Among the lines of the listing below, retype exactly those from the one containing "The threshold divisions, as" through the one containing "Highest quality nails", both included. Do not include pictures.
**** Provided entries ****
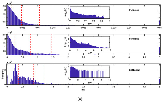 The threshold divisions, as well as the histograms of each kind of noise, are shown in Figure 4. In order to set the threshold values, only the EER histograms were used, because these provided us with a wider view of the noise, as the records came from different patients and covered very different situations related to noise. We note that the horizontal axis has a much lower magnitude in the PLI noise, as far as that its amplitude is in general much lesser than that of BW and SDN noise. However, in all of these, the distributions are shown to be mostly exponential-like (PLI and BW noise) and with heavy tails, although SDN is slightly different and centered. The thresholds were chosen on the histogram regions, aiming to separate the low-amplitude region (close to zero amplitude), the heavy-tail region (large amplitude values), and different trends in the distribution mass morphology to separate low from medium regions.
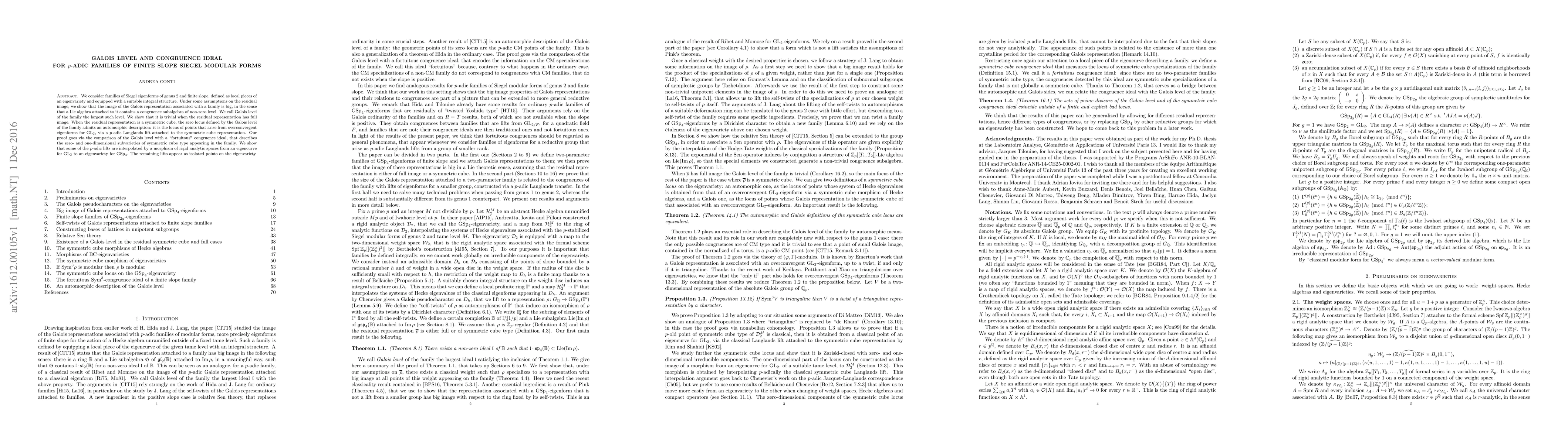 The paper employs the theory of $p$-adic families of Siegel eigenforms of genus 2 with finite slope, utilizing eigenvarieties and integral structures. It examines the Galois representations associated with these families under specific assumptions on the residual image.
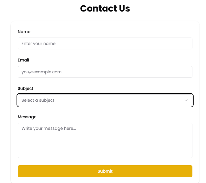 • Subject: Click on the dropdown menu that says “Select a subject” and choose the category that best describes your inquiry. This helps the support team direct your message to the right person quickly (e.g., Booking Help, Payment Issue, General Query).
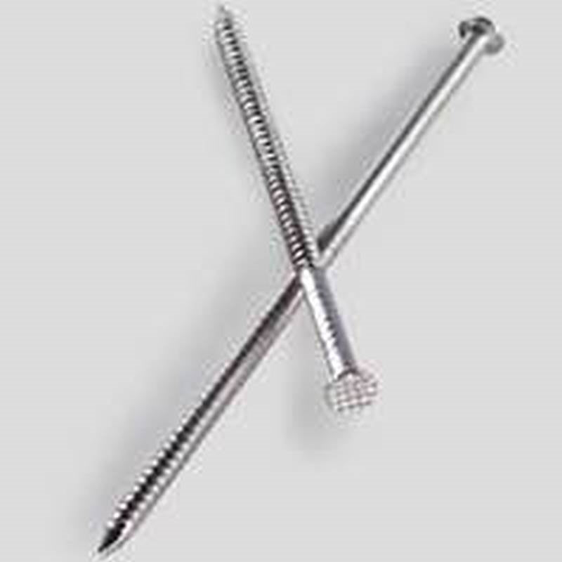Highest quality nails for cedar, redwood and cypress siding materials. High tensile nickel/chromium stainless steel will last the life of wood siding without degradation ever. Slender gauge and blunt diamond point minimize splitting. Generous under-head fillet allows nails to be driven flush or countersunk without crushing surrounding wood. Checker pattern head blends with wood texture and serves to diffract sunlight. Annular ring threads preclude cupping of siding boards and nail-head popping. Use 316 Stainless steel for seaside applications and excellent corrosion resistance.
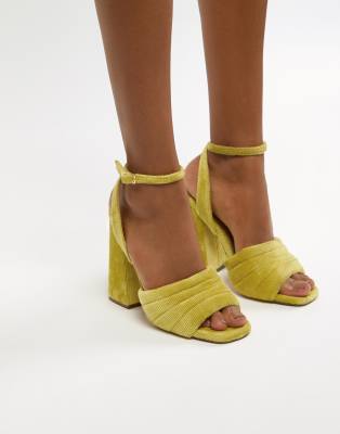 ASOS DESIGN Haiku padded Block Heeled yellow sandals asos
****
**** Provided entries ****
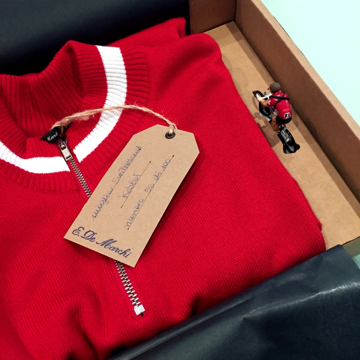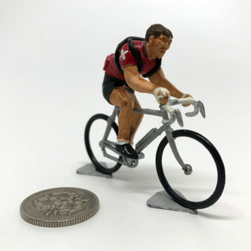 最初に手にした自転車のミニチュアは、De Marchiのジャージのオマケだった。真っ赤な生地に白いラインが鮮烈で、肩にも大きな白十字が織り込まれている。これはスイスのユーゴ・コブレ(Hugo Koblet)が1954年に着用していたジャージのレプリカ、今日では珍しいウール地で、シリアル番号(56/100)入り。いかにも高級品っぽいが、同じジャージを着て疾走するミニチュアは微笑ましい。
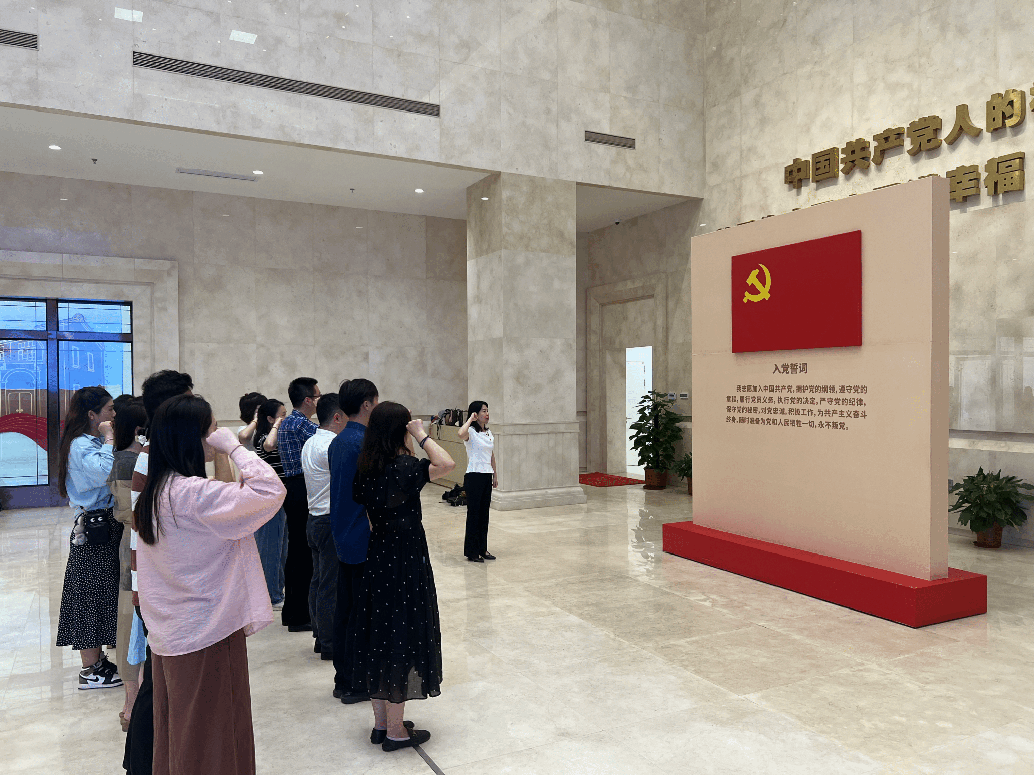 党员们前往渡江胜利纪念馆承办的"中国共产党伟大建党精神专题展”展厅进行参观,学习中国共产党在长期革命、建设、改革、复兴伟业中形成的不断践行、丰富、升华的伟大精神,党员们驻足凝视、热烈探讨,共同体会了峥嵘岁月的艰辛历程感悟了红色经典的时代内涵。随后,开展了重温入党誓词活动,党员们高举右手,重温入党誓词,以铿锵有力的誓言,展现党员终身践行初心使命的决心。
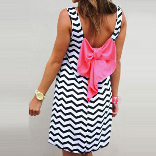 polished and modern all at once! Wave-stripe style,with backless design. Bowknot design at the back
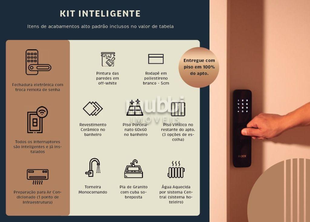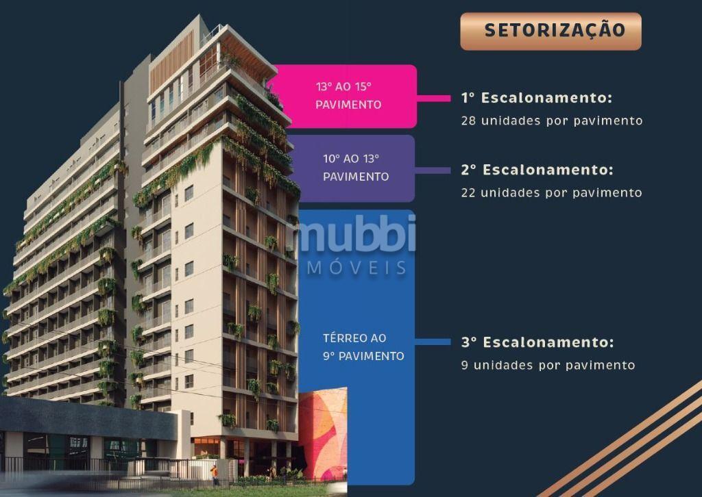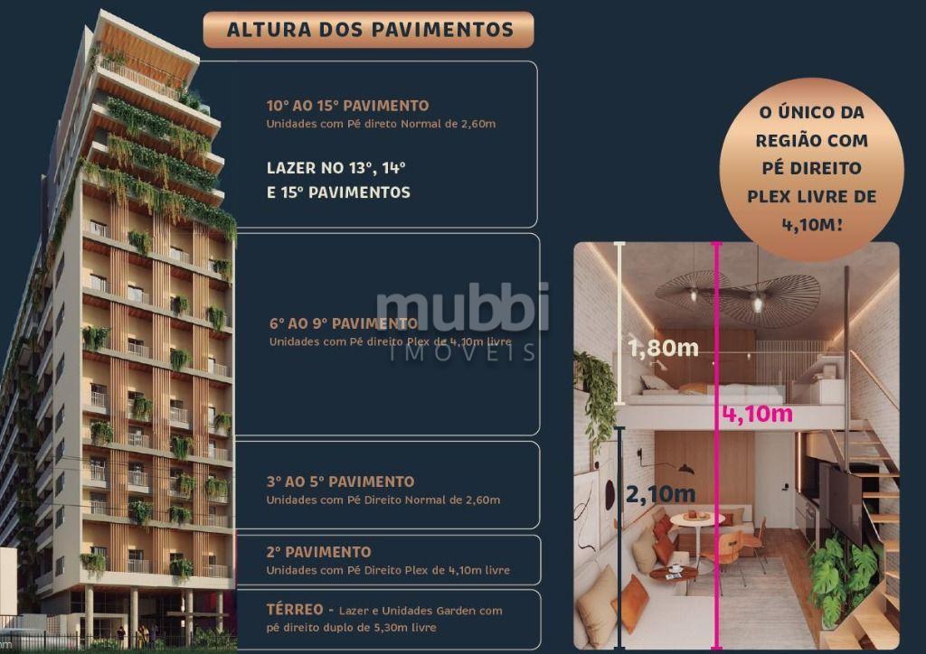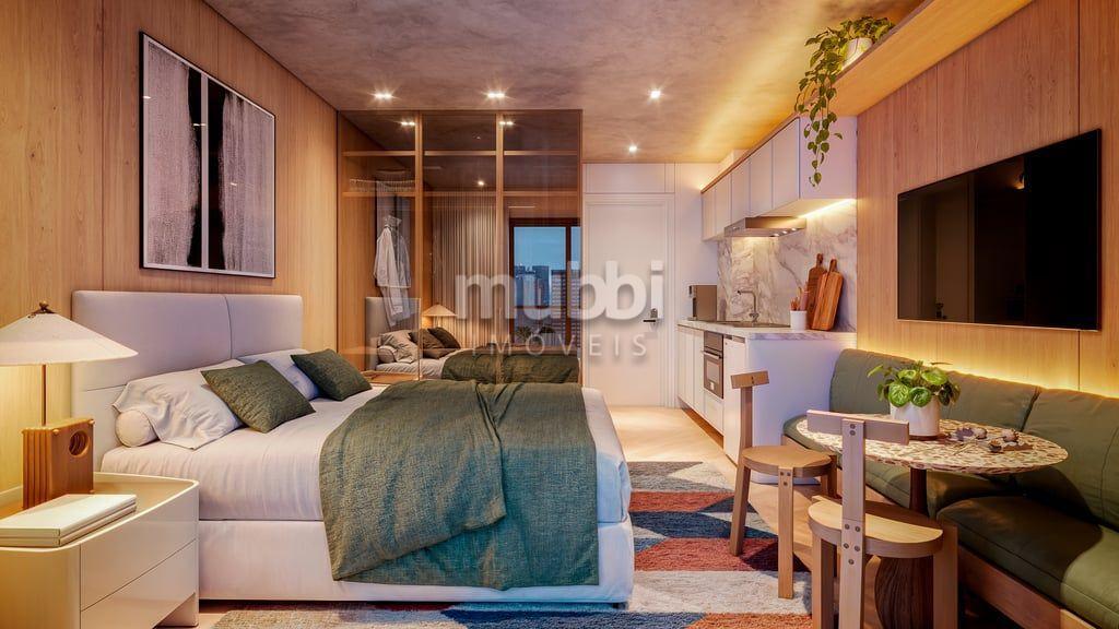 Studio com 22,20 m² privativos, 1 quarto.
****
**** Provided entries ****
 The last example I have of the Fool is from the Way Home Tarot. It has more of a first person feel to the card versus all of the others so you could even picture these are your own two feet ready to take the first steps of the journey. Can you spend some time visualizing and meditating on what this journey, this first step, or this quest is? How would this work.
****
**Exercise result:**
 The threshold divisions, as well as the histograms of each kind of noise, are shown in Figure 4. In order to set the threshold values, only the EER histograms were used, because these provided us with a wider view of the noise, as the records came from different patients and covered very different situations related to noise. We note that the horizontal axis has a much lower magnitude in the PLI noise, as far as that its amplitude is in general much lesser than that of BW and SDN noise. However, in all of these, the distributions are shown to be mostly exponential-like (PLI and BW noise) and with heavy tails, although SDN is slightly different and centered. The thresholds were chosen on the histogram regions, aiming to separate the low-amplitude region (close to zero amplitude), the heavy-tail region (large amplitude values), and different trends in the distribution mass morphology to separate low from medium regions.
 The paper employs the theory of $p$-adic families of Siegel eigenforms of genus 2 with finite slope, utilizing eigenvarieties and integral structures. It examines the Galois representations associated with these families under specific assumptions on the residual image.
 • Subject: Click on the dropdown menu that says “Select a subject” and choose the category that best describes your inquiry. This helps the support team direct your message to the right person quickly (e.g., Booking Help, Payment Issue, General Query).
Highest quality nails for cedar, redwood and cypress siding materials. High tensile nickel/chromium stainless steel will last the life of wood siding without degradation ever. Slender gauge and blunt diamond point minimize splitting. Generous under-head fillet allows nails to be driven flush or countersunk without crushing surrounding wood. Checker pattern head blends with wood texture and serves to diffract sunlight. Annular ring threads preclude cupping of siding boards and nail-head popping. Use 316 Stainless steel for seaside applications and excellent corrosion resistance.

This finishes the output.